Thanks for the interest and thoughtful questions
You mention that its suitable for recordings where at least one signal fits into memory.
Ah, actually, these days the format is indeed suitable for larger signals. I’ve opened a PR to update the “useful for” list.
What are your thoughts on utilizing mmap for larger files?
Totally kosher if the format is raw .lpcm
. Actually doing so is a bit manual, however…probably wouldn’t be a bad idea to add an mmap
option to the load
interface:
using Onda, Mmap
include(joinpath(dirname(dirname(pathof(Onda))), "examples", "tour.jl"))
file = open(samples_path(dataset, uuid, :eeg))
S = eeg_signal.sample_type
nrows = channel_count(eeg_signal)
ncols = Int(filesize(file) / sizeof(S) / nrows)
samples = Samples(eeg_signal, true, Mmap.mmap(file, Matrix{S}, (nrows, ncols)))

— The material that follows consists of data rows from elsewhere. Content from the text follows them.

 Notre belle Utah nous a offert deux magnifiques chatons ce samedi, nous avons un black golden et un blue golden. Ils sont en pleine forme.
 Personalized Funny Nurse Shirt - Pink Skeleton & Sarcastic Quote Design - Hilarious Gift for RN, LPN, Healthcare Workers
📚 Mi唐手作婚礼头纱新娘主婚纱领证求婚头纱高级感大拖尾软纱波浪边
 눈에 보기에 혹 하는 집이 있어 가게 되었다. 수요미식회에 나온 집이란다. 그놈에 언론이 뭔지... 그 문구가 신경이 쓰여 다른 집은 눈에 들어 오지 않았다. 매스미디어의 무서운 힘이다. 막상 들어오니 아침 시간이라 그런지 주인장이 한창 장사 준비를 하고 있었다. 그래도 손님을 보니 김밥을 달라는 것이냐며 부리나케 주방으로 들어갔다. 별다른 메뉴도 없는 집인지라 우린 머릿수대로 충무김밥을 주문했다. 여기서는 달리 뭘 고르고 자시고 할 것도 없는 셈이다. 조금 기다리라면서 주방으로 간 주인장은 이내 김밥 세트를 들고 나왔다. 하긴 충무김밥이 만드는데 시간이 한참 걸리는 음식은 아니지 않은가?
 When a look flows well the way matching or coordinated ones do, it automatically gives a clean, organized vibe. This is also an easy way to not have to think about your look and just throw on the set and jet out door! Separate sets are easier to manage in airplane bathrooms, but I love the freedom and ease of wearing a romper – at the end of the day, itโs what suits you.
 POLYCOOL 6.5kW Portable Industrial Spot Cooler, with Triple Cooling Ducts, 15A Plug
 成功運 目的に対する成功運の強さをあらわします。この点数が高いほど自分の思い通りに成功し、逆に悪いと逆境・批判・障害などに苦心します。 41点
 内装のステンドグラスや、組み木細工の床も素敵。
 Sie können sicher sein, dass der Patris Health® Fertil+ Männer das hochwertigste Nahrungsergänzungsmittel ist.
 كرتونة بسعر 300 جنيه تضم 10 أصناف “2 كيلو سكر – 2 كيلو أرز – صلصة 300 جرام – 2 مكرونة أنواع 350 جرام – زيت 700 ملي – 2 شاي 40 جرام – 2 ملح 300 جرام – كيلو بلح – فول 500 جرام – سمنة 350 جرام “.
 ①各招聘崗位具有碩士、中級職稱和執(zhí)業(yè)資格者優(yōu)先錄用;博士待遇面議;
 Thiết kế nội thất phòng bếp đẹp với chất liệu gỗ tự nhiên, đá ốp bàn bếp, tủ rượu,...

# now performing normal operations on `Samples` (e.g. decoding only
# a specific region) works the same as it usually does:
decoded_region = decode(view(samples, :, TimeSpan(Second(3), Second(5))))
Note that writing the above made me realize that samples_path
wasn’t super ergonomic or exported, so this example works off of a small PR that I just opened to add samples_path
to the official API.
I could find a merged PR for seekable zstd which might be used for channels that don’t fit into memory.
Yeah, I’d love for this to be implemented! Relevant zstd issue here. Ideally support would be implemented in CodecZstd.jl (though I’m not sure if TranscodingStreams’ interface supports random access methods). Adding Onda support would then just be a matter of overloading the appropriate deserialize_lpcm
method for the LPCMZst serializer.
If “Onda is not a … file format”, how would you describe it? Is it a directory layout structure with sensible defaults? Or is Onda just the interface specification for a format?
It’s kind of both It’s a specification for organizing signals/recordings into a file hierarchy alongside a metadata schema that enables multi-sensor recordings to be treated generically as collections of LPCM sample data. The trick is keeping the format as simple as possible so that reader/writer implementations can be made highly amenable to domain-specific specialization, while still enforcing enough standardization that the format provides useful guarantees for downstream ingest/analysis processes/tooling. To this end, a lot of the format’s design work (and trial-by-fire testing) has revolved around tweaking the specification to mandate only enough structure to “get the job done”, and no moreso.
Of course, it’s forever a work in progress for example, I’d like to at least resolve (and battle-test) some of the items currently in the issue tracker before considering a 1.0 release.
Concerning the extensibility part of the specification: Would you assume that people write Onda wrappers for their file formats, so that the access pattern demonstrated in the “tour” through Onda.jl can be reused? If so, which methods need to be implemented to allow this?
For a specific example of extending Onda.jl with a new file format, see the FLAC example.
More generally, Onda’s extensibility comes in a few different flavors:
- The mandatory signal encoding parameters should be sufficient to capture most useful LPCM encodings.
- You can basically encode whatever structure you’d like into Onda’s sparse key-value annotations, and dense categorical annotations can simply be treated as new signals (perhaps it wouldn’t be a bad idea for the format to define a structure for categorical
sample_unit
s…).
- The recording objects’
custom
field allows dataset authors to associate whatever values they like with each recording.
- The aforementioned ability to (de)serialize signal data to/from arbitrary file formats. Granted, the specification provides little aid to implementations in the way of an actual mechanism by which new (de)serialization methods should be incorporated; it just requires that it’s possible. For now, the onus is essentially on the dataset author to guarantee to their consumers that included file formats are actually readable. In practice, I think this is a reasonable expectation. Also, at least in the Julia world, you can imagine getting a lot of convenient fallbacks “for free” by e.g. hooking up FileIO.jl to Onda.jl’s (de)serializer interface.
- Arbitrary additional content is allowed to be placed in the
.onda
directory. While reader/writer implementations can’t necessarily make use of such additional content automatically, nothing precludes the inclusion of code (or a link to code) that provides whatever additional features the dataset author wishes to share.